=== Begin Enclosure ===

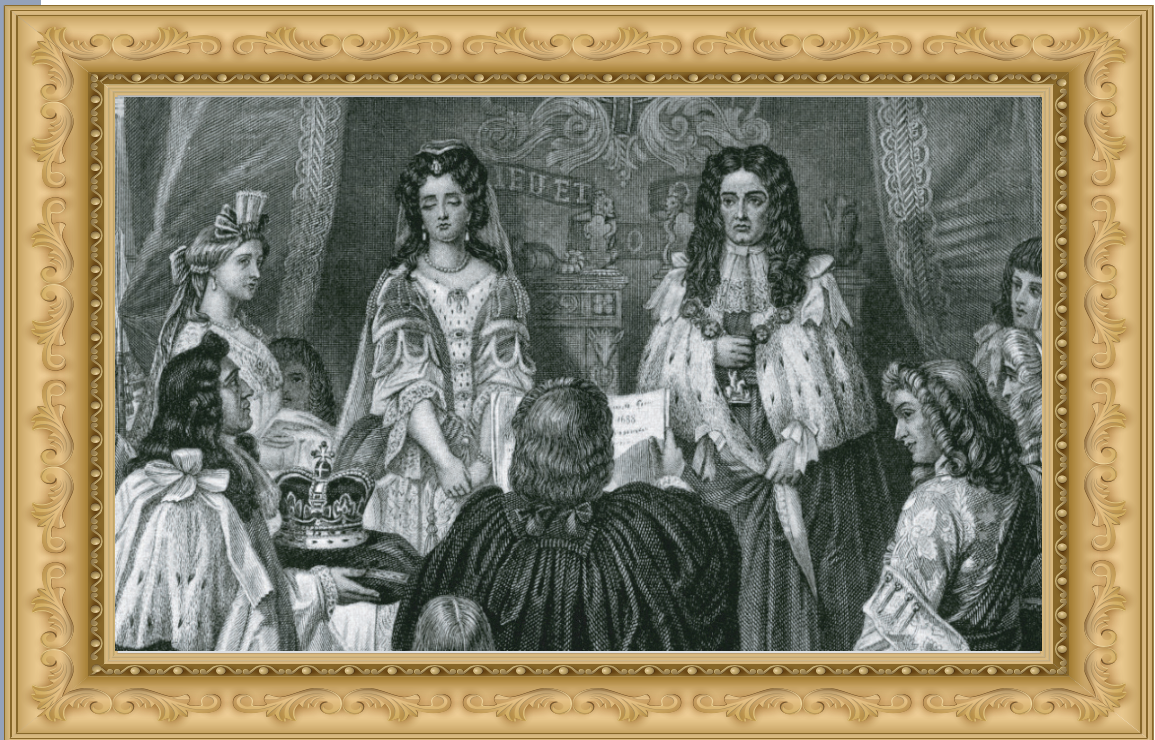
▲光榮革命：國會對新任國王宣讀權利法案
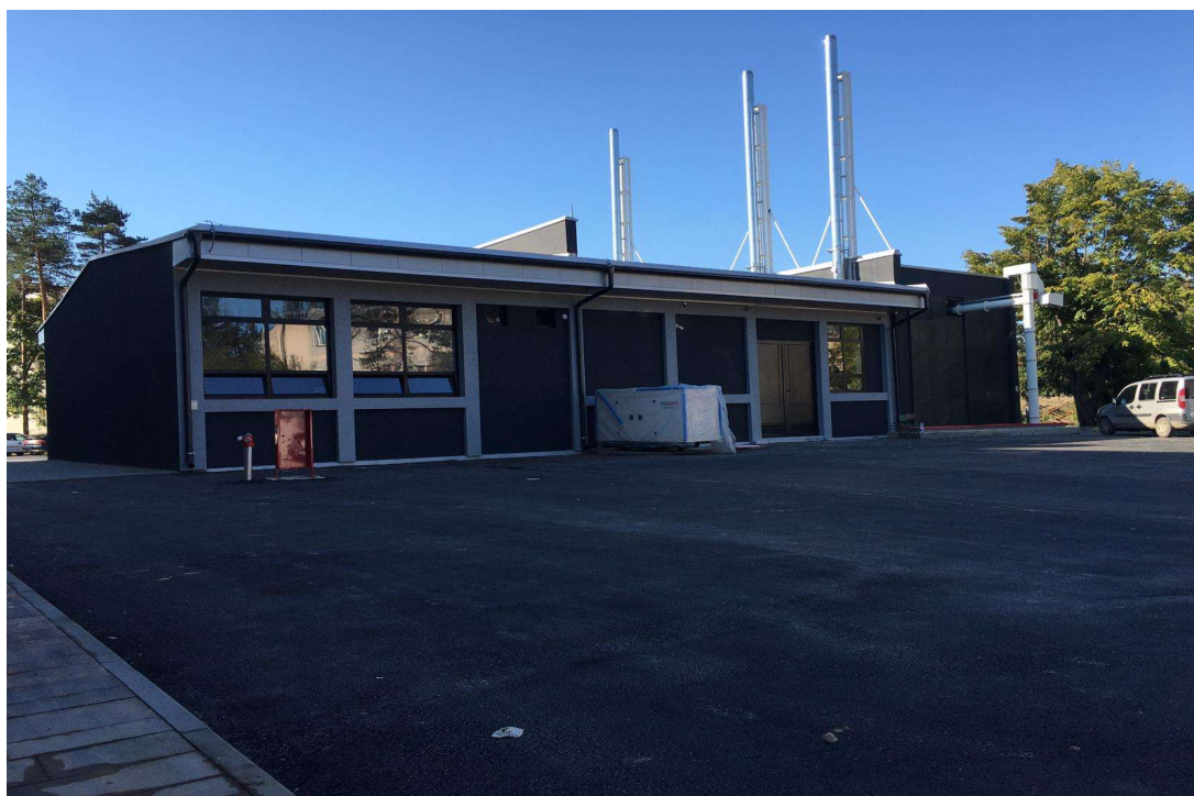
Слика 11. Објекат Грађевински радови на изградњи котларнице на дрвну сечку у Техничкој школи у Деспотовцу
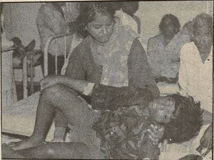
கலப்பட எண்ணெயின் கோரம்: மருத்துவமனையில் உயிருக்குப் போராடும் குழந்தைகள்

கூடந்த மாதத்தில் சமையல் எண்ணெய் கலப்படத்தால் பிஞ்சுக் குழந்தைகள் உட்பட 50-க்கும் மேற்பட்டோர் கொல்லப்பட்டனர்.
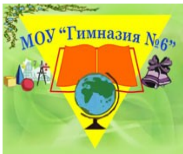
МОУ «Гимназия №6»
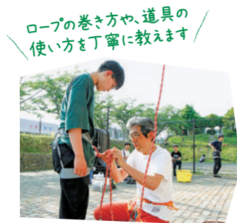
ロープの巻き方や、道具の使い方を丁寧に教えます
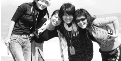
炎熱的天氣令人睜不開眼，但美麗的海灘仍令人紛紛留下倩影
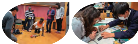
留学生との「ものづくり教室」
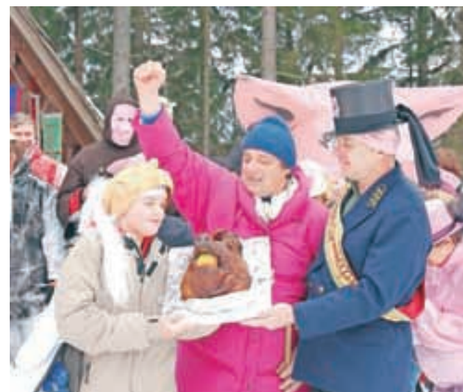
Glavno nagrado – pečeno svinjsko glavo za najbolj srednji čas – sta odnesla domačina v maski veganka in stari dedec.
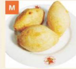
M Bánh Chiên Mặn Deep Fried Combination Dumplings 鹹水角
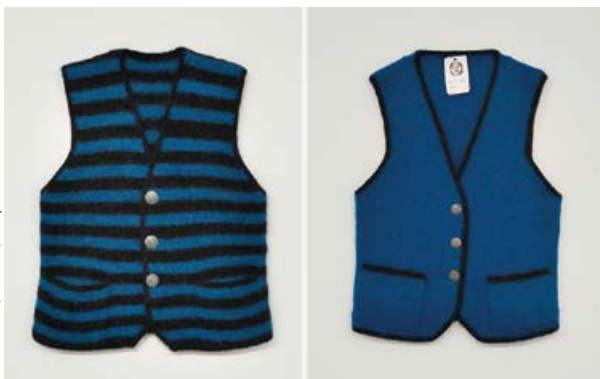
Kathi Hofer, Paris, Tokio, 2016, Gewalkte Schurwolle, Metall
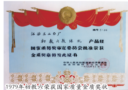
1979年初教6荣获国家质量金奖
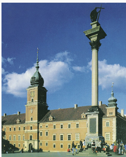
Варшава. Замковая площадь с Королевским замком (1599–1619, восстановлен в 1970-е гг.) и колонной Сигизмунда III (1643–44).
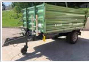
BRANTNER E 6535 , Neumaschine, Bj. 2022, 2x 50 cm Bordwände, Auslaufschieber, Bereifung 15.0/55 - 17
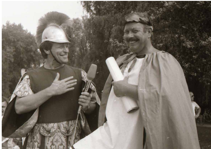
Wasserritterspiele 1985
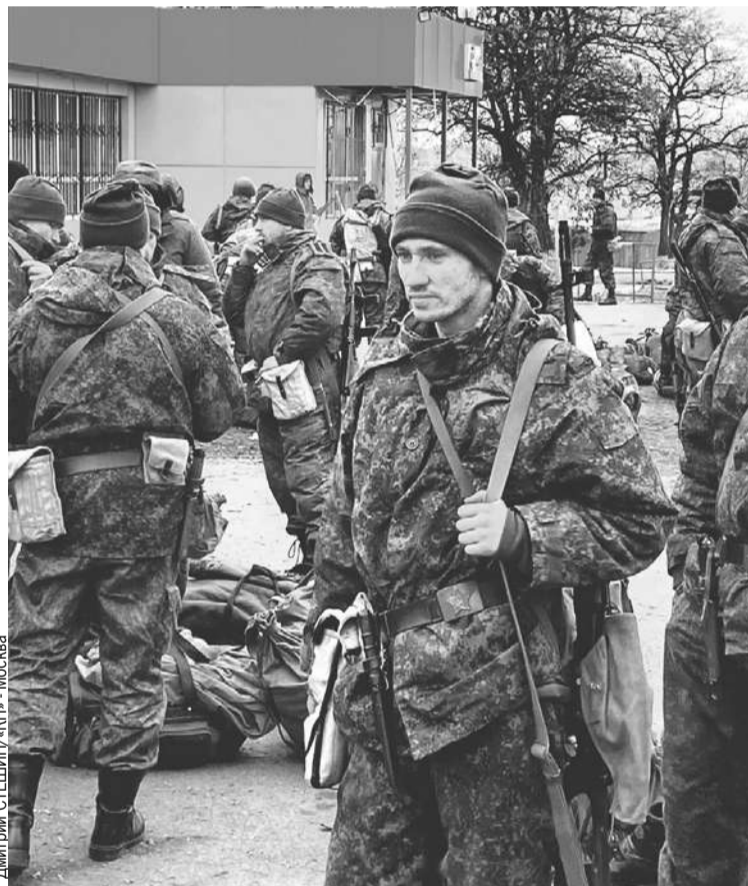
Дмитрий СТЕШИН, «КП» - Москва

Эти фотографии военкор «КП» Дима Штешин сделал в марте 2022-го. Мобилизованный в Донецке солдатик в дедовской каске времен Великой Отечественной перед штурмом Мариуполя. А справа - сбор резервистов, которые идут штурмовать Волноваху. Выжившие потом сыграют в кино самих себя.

=== End Enclosure ===
=== Begin Enclosure ===

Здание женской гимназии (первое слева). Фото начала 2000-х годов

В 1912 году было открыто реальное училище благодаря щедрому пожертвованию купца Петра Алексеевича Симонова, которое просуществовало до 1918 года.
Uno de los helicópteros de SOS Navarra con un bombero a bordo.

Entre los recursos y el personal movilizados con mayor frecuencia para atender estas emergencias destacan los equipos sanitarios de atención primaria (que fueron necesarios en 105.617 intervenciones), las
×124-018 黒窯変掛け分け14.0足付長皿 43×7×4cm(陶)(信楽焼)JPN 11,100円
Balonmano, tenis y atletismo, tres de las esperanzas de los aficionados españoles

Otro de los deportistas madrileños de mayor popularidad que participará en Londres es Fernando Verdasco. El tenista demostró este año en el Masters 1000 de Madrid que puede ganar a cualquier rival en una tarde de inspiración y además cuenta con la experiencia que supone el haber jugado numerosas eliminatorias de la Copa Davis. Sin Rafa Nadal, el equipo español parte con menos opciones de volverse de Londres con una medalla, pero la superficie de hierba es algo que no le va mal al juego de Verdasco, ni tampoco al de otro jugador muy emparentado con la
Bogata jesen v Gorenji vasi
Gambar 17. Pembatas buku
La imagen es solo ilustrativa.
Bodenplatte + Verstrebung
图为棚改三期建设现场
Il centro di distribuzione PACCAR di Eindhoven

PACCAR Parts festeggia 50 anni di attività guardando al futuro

=== End Enclosure ===

*What to work on*
Search the data above for the string "PACCAR". Report every line where it is found.

*Solution for this problem*
Il centro di distribuzione PACCAR di Eindhoven
PACCAR Parts festeggia 50 anni di attività guardando al futuro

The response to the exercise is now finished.